Go through the listing below and output exactly the line with "Hans Conrad Escher leitet", the line with "des sanierten Landes", and each line between; omit the rest.

# Material provided:
[Start of Attachment]
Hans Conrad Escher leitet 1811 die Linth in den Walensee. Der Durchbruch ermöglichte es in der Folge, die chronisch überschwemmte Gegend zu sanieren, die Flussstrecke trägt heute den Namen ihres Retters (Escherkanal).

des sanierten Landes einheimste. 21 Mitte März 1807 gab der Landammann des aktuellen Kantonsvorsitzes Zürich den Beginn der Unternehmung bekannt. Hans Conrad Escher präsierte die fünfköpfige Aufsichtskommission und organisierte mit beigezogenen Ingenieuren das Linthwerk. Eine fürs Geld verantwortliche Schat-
[End of Attachment]
[Start of Attachment]
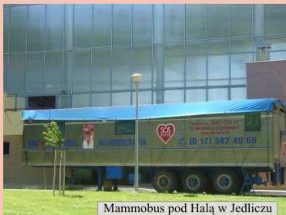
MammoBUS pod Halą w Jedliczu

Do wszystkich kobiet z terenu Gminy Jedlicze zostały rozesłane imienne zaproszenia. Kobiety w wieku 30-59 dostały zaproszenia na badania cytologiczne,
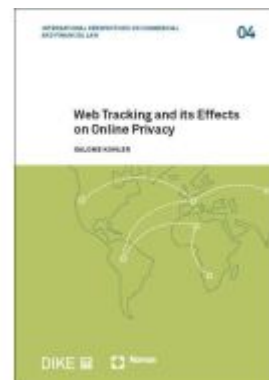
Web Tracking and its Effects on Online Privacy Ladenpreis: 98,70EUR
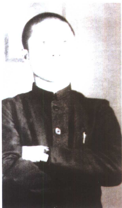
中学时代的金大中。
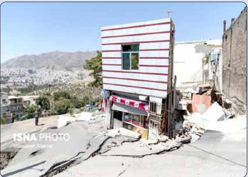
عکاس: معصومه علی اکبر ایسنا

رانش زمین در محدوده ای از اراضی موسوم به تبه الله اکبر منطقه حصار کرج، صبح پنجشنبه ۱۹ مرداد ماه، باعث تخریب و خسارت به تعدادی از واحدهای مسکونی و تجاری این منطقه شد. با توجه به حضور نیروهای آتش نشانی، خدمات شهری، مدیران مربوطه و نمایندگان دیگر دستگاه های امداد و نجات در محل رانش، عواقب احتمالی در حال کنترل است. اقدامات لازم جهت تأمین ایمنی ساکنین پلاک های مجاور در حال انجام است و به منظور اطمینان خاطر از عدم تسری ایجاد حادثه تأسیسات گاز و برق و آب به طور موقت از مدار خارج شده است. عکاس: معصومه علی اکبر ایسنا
[End of Attachment]
# Task result:
Hans Conrad Escher leitet 1811 die Linth in den Walensee. Der Durchbruch ermöglichte es in der Folge, die chronisch überschwemmte Gegend zu sanieren, die Flussstrecke trägt heute den Namen ihres Retters (Escherkanal).

des sanierten Landes einheimste. 21 Mitte März 1807 gab der Landammann des aktuellen Kantonsvorsitzes Zürich den Beginn der Unternehmung bekannt. Hans Conrad Escher präsierte die fünfköpfige Aufsichtskommission und organisierte mit beigezogenen Ingenieuren das Linthwerk. Eine fürs Geld verantwortliche Schat-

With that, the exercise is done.